Does Foreclosure Relieve Your Financial Obligation?

After your lender forecloses on you, do you still have a financial obligation? The short answer for most people is probably yes! For most former homeowners, their lender have the option to file for a "deficiency judgment", that is the difference between what the former homeowner owed on their mortgage and what the bank could sell it for at auction minus costs. These deficiency judgments are ticking time bombs that can explode years after the borrowers lose their homes.

This is an area of law that is strongly influenced by state law. Some states, such as California, are “non-recourse” and don’t allow deficiency judgments. But, even there, if the if the original loan was refinanced, some or all of it may be subject to claims. In the case of foreclosure, lenders can pursue deficiencies in more than 30 states, including Florida, New York and Texas.

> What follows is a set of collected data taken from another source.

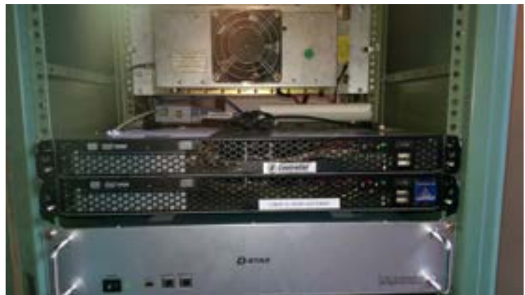
Removed 4ft long Ethernet jumpers and replaced with 1ft jumpers to clean up the install a bit.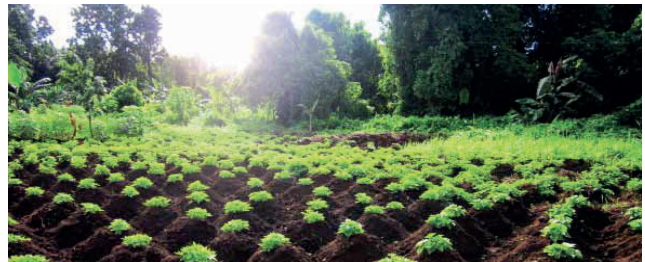
Improve garden productivity by seeking expert advice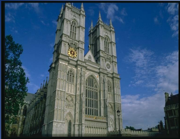
1. Westminster Abbey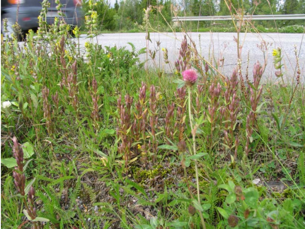
Figure 10. Gentianella amarella, province of Härjedalen, Sweden.

It has been suggested that the importance of roadsides for conservation may have been overlooked. Rentch et al. (2013) claim that roadsides have largely been excluded from vegetation studies in the USA because they have been considered as unnatural or wasteland. However, in their study of vascular plants flora of roadside habitats in West Virginia, USA, they documented 467 species of which 325 were natives.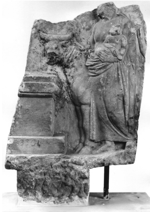
Figure 18.1 Fragmentary marble relief, from the Asclepieion, Piraeus, fourth century BCE. Athens, National Archaeological Museum 3304

The best way to treat infants until weaning is the nurse's milk that has the property to transmit the qualities of remedies to the child. Constipation, diarrhea, exanthema, aphthous ulcers can be treated through the nurse who must follow the entire treatment, including physical exercises and baths: "For as a general rule, as long as the infant is nursed, we put the wet-nurse on a regimen appropriate to the disease of the child" (Soranus, Gynaecology 24[57]). Even epilepsy could be treated through the nurse's milk (for example, Caelius Aurelianus, On Chronic Diseases 1.4). Was the procedure debated? Some could ask if the remedies would unhappily affect the nurse's health. Soranus (2.24[56]) explains that, appropriately dosed, the product only reaches the baby, since it is more sensitive.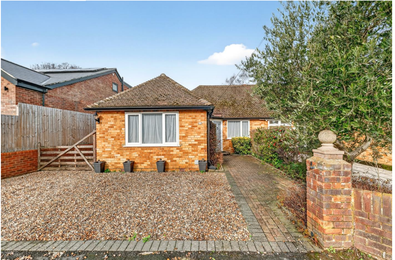
24 Katherine Close Row Town Surrey KT15 1NX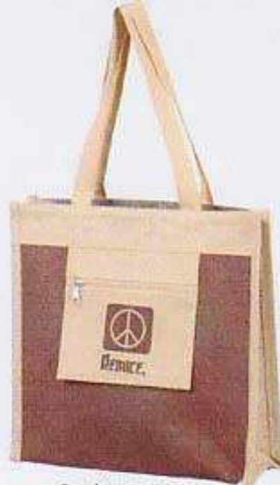
Style# 15200 Size: 13"x14"x5"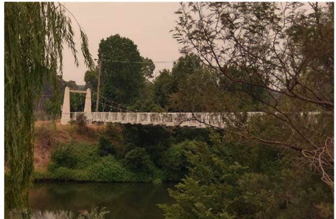
The Suspension Bridge, Queanbeyan.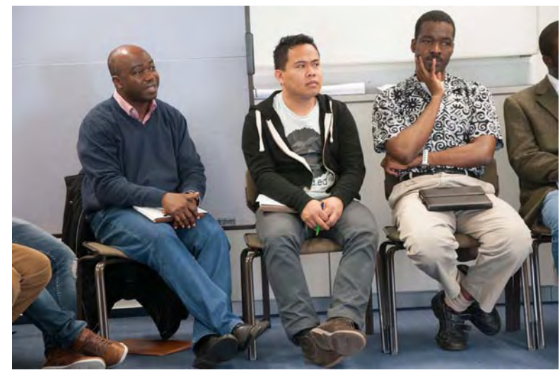
Participants challenged by new evangelization

enthusiasm. Times were set aside for prayer and worship in common. Returning to one's roots in faith and sharing faith experiences were important for the group. The meeting also included discussions with the provincial leadership to get an idea of the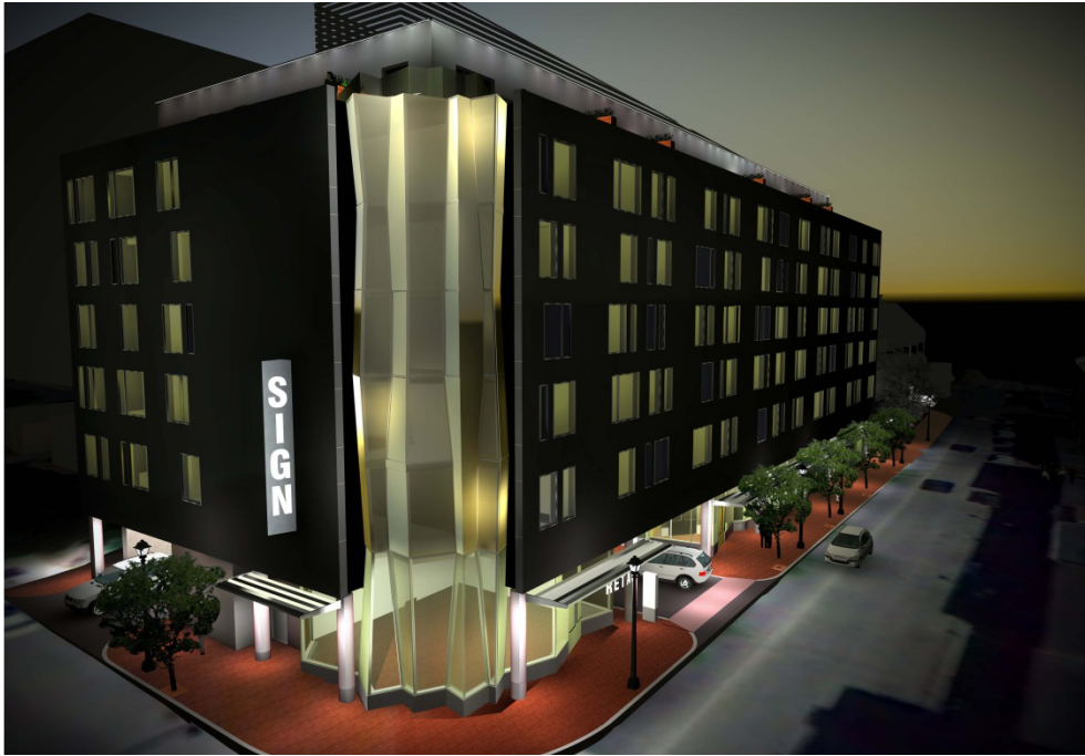
Figure 11: Lighting concept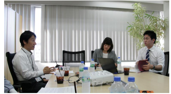
Official Presentation of Policy Memo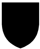
Shields 1\ Shld-blk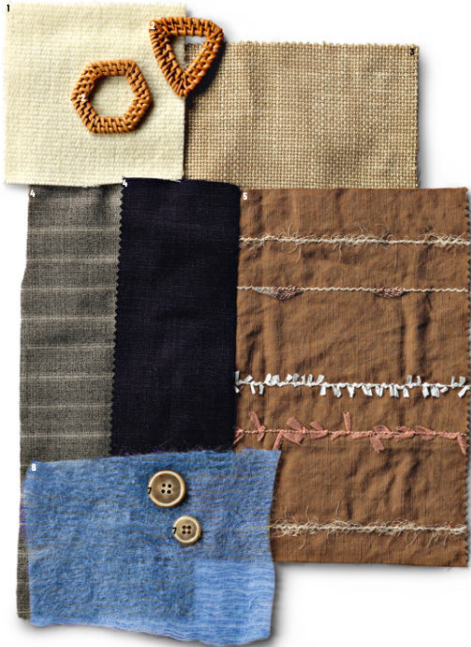
1. Tessitura Attilio Imperiali - 2. Sandra b - 3. Botto Giuseppe - 4. Lanificio T. G. di Fabio 5. Federico Aspesi - 6. Bernasconibiseta - 7. Gruppo Uniesse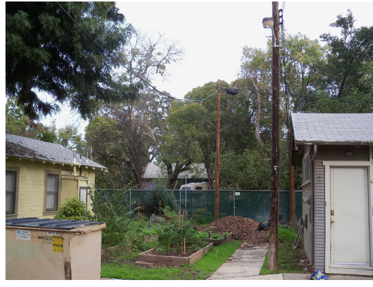
VIEW FROM SLATTER'S COURT EXISTING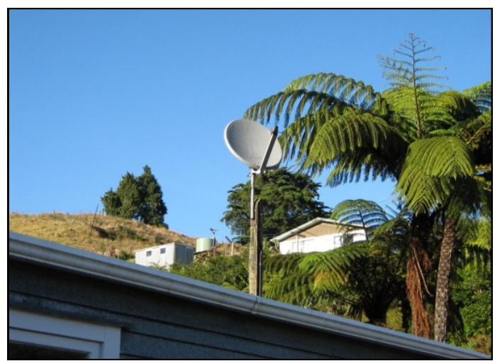
The club has joined the rest of the nation in the switch to digital with a satellite receiver. Now we just need something to decode the signal it's receiving from electronic non-sense!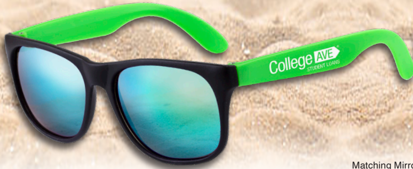
#SG102 "NEWPORT TINT" Colored Mirror Tint Lens Sunglasses with Matte Frame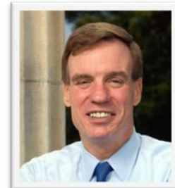
Sen. Mark Warner U.S. Senator from the Commonwealth of Virginia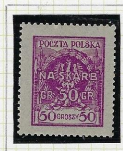
50gr + 50gr: magenta.

Quantities: 1, 2, 3, 5gr + 50gr 115,000 each; 10 + 50gr 105,000; 15gr + 50gr 115,000; 20gr + 50gr 105,000; 25, 30, 40gr + 50gr 115,000; 50gr + 50gr 105,000. Valid until 1.7.1934.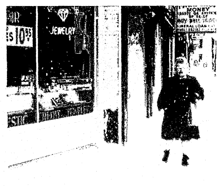
Above: A scene in "How to Avoid Street Attacks." A woman walking too close to buildings is within reach of lurking muggers.

"I think the seniors like the slide-shows because they are not frightening," she says. "Instead, they are educational and entertaining at the same time."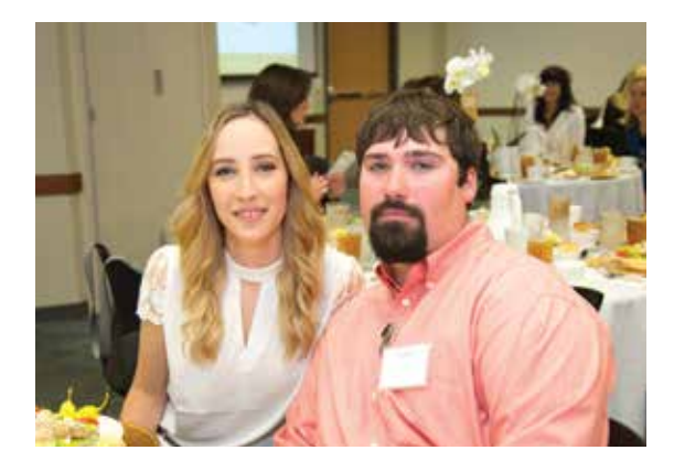
Woman's Impact Luncheon is an opportunity for members of the community to learn about the programs and services supported by philanthropy at Woman's. This year's event featured a patient testimonial from a NICU family whose story of courage and loss was softened by the extraordinary efforts of Woman's palliative care team. The event raised nearly $150,000 to support families in our community.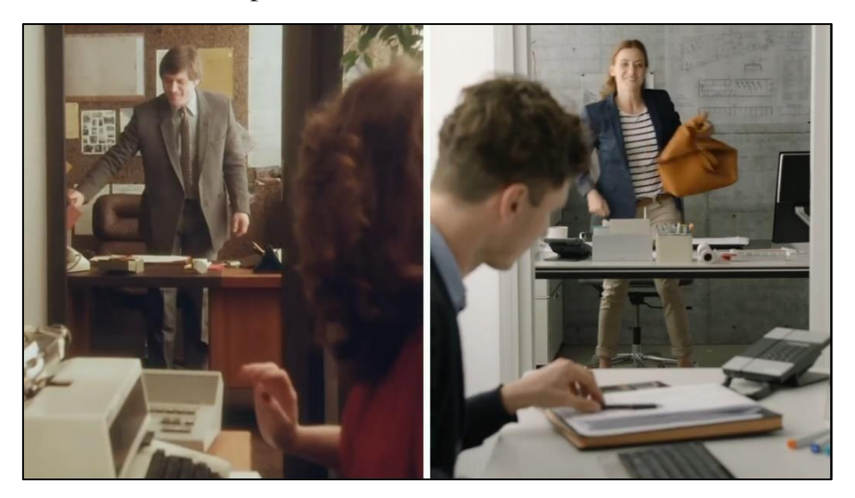
Fig. (4): Allianz Klassiker / Unfall (2015)

The same commercial subsequently depicts a contemporary remake of an office environment, where the woman is portrayed as the manager and the man is the secretary (Fig. 4), which challenges gender roles traditionally associated with the workplace.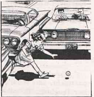
Anticipate unsafe acts of children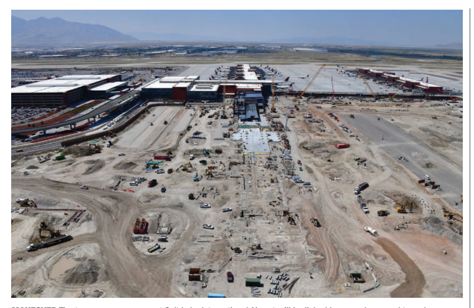
MAKEOVER The two new concourses at Salt Lake International Airport will be linked by an underground tunnel.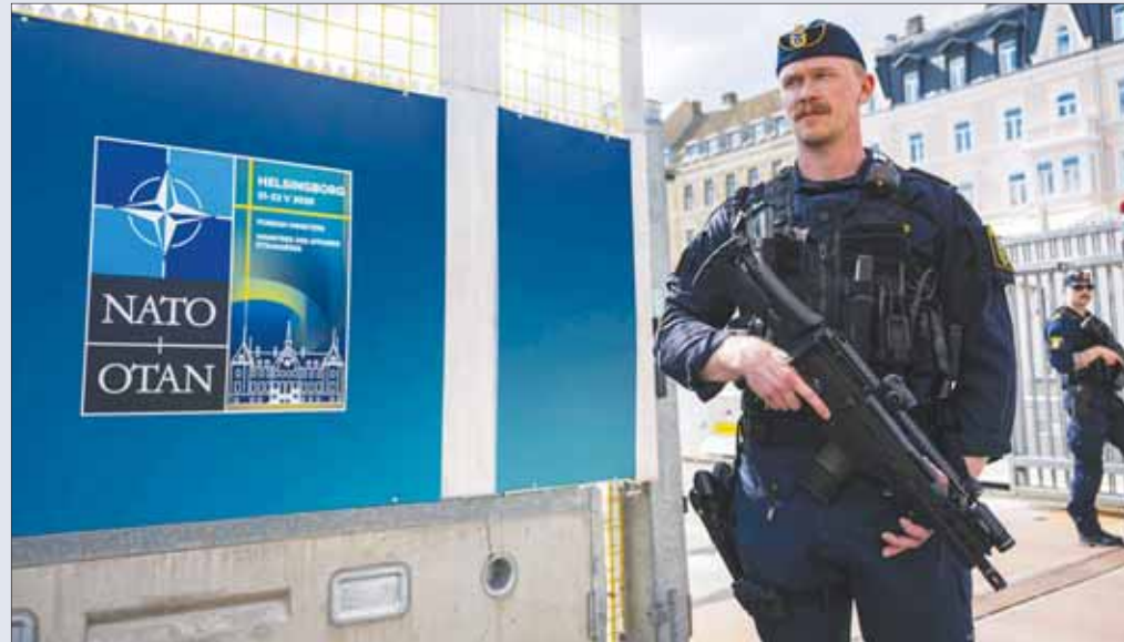
A Swedish police officer stands guard outside the venue ahead of the meeting of Nato Ministers of Foreign Affairs in Helsingborg, Sweden. Nato foreign ministers gather in Helsingborg on May 21-22 for talks focused on security, defence co-operation and regional stability. (AFP)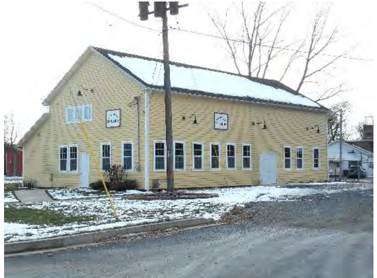
Canal Street Marketplace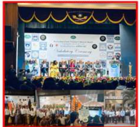
75 TH ANNIVERSARY - HSNB BOARD 16.03.2025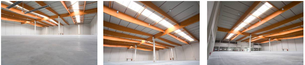
Caption: The smart roof design with its wooden beams is an attractive feature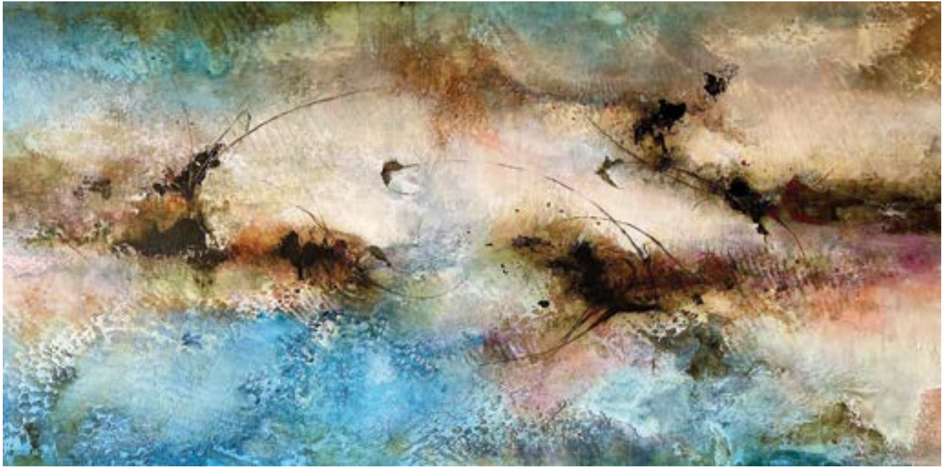
Essence of Life , oil on panel, 34 x 70 in.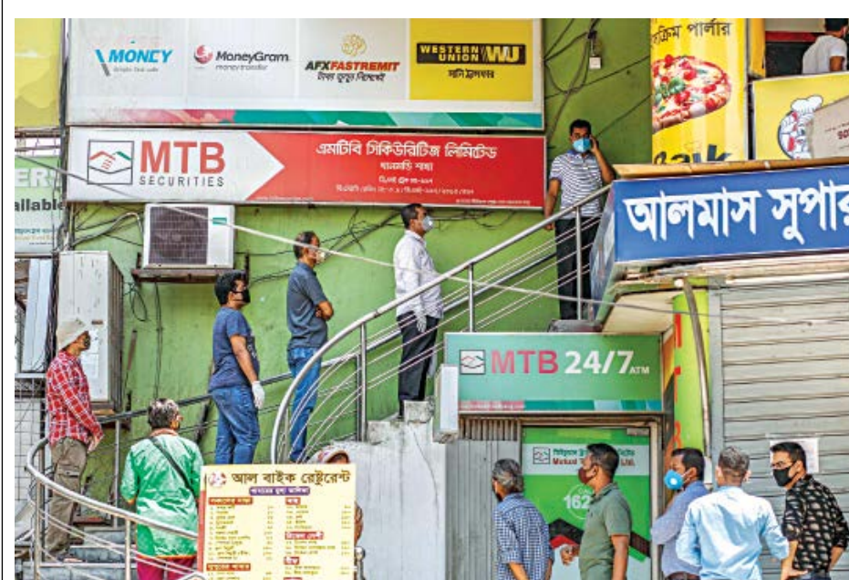
Customers line up to take counter services from a bank branch in the capital's Dhankhondi area yesterday while maintaining a safe social distance.

Asked how the central bank would give support to banks for implementation of the bailout package, its spokesperson Md Serajul Islam said the BB was awaiting instructions from the finance ministry.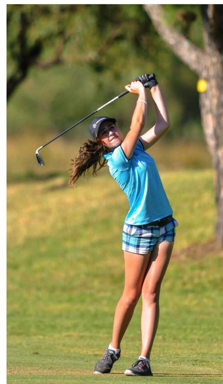
Mercedes in action at the Sunshine Ladies' Tshwane Open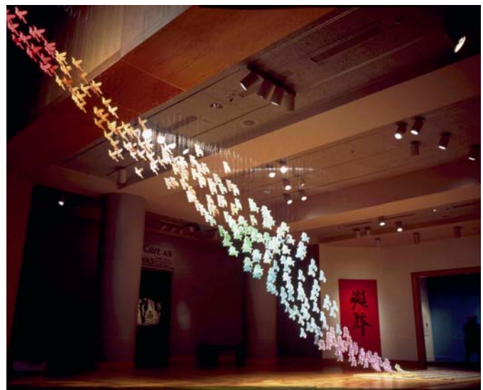
An earlier version of The Living Word by Xu Bing, Arthur M. Sackler Gallery, Smithsonian Institution, Washington, D.C. 2001.

Xu Bing has described The Living Word as a “floating, iridescent cloud of calligraphy” that traces the Chinese character niao , meaning “bird,” from its present-day usage in simplified Chinese to its ancient pictographic expression. The Morgan installation will comprise approximately 400 carved and painted acrylic characters, rising from the Gilbert Court's floor to its fifty-foot ceiling. It will be the largest of The Living Word series to date. A selection of the artist's original sketches for the project will also be on view.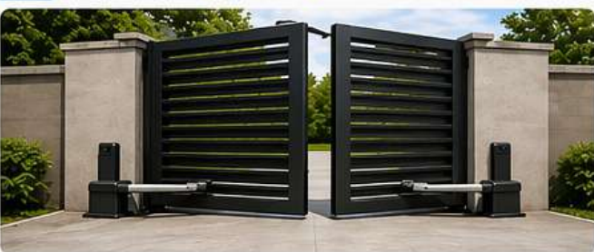
7. Bi Folding Swing Gate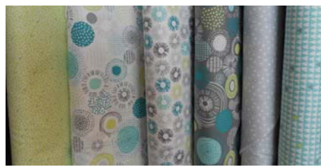
Soho from Northcott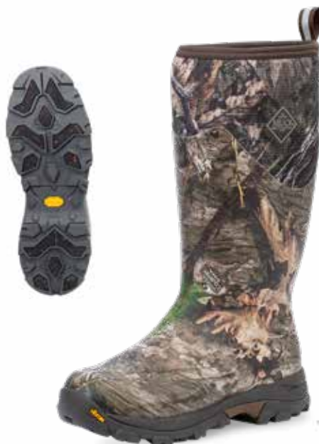
AVTVA-MDNA | Mossy Oak Country DNA®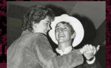
4-H forever Page 34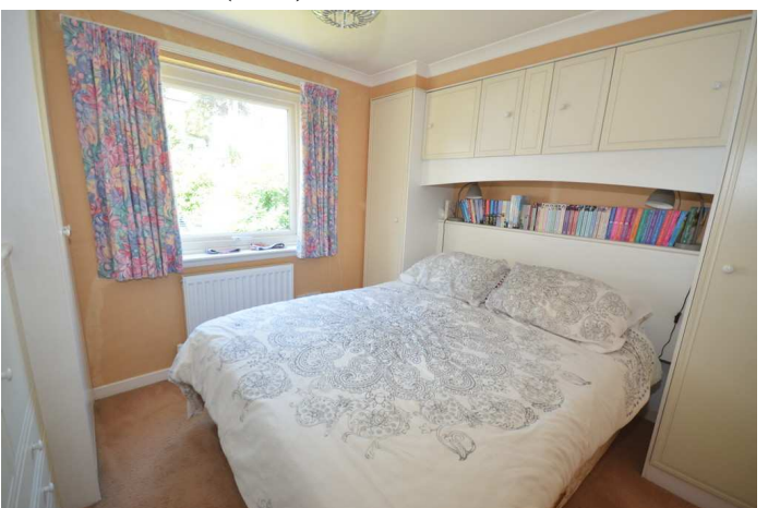
9' 5'' x 10' 8'' (2.87m x 3.25m) Fitted wardrobe & chest of drawers. Central heating radiator. Curved cornice.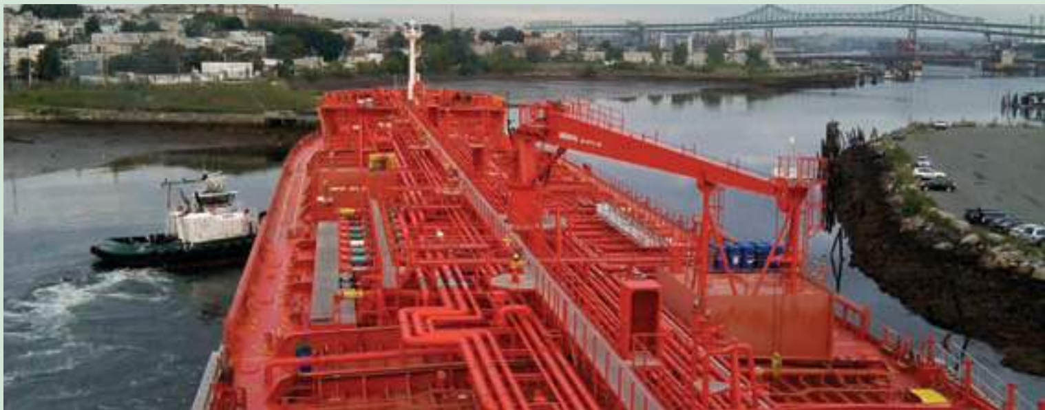
The tractor tug Leo helps the tanker around Cabot's Corner.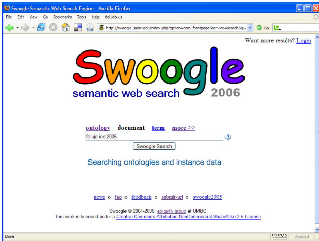
Fig. 3. This figure will be scaled to be 90% of the width of the text on the page and run across all columns in either elsart or elsart3p.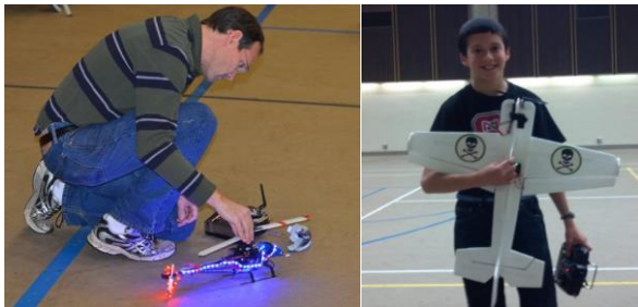
3 . Some fly indoors.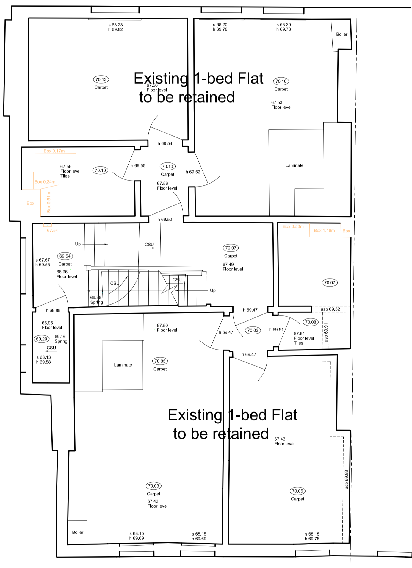
2 Existing Second Floor Plan to be retained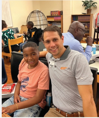
A Rocket Mortgage employee mentors a student with Big Brothers Big Sisters of Central Carolinas.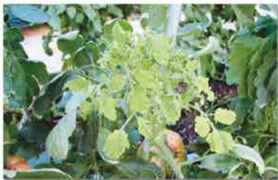
Creation of a manual for dealing with the Tomato yellow leaf curl virus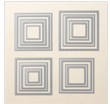
Layering Squares Framelits Dies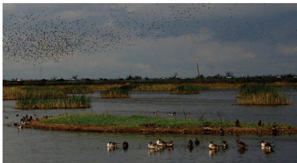
Yolo Bypass in Winter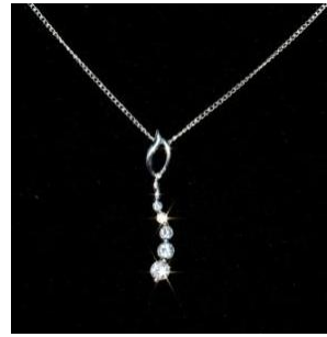
1728 – Sterling Silver Diamante Pendant Necklace £18.99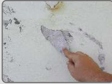
Old colour should be scratched with a spatula and the loose particles should be removed.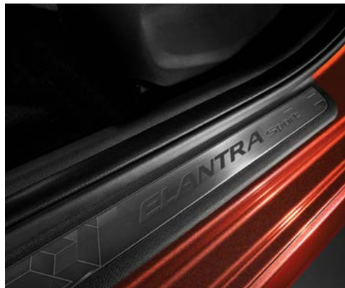
Standard sport exclusive door sills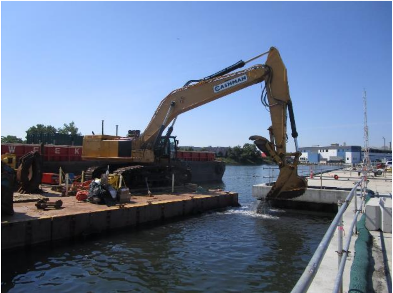
Photo 6. Dredging adjacent to Project facility, 595/659 Smith Street, facing southeast (Chronicle Heritage 2024).

Deficiency judgments on short sales and deeds-in-lieu can happen in many more places. In these cases, extinguishing the debt is often a matter of negotiating with the bank. But even when lenders are willing, many borrowers may not be aware that they have to ask for release. So, if you are pursuing a short sale, be sure your lender releases you from any further obligation.

Because of falling home prices, borrowers who always paid their mortgage but who have run into unforeseen circumstances — like unemployment or a job transfer — can no longer sell their homes for what they owe. As a result, they are being forced to short sell or foreclose and are getting caught up in deficiency judgments.
Whether banks can and will pursue deficiency judgments depends on many factors, including what state the borrower lives in and whether there’s a second mortgage or other liens. But if borrowers ignore the possibility of deficiencies, it could haunt them. Once the banks have a judgment, they can pursue you anywhere. They can ask for financial records, have your wages garnished and, if you fail to respond, a judge can put you in jail. There is every reason to believe that many will be filed over the next few years, based on the fact that banks have sold many of these accounts to collection agencies and other third parties, at discount. The parties who bought those notes wouldn’t have paid money for them unless they had the intention of acting.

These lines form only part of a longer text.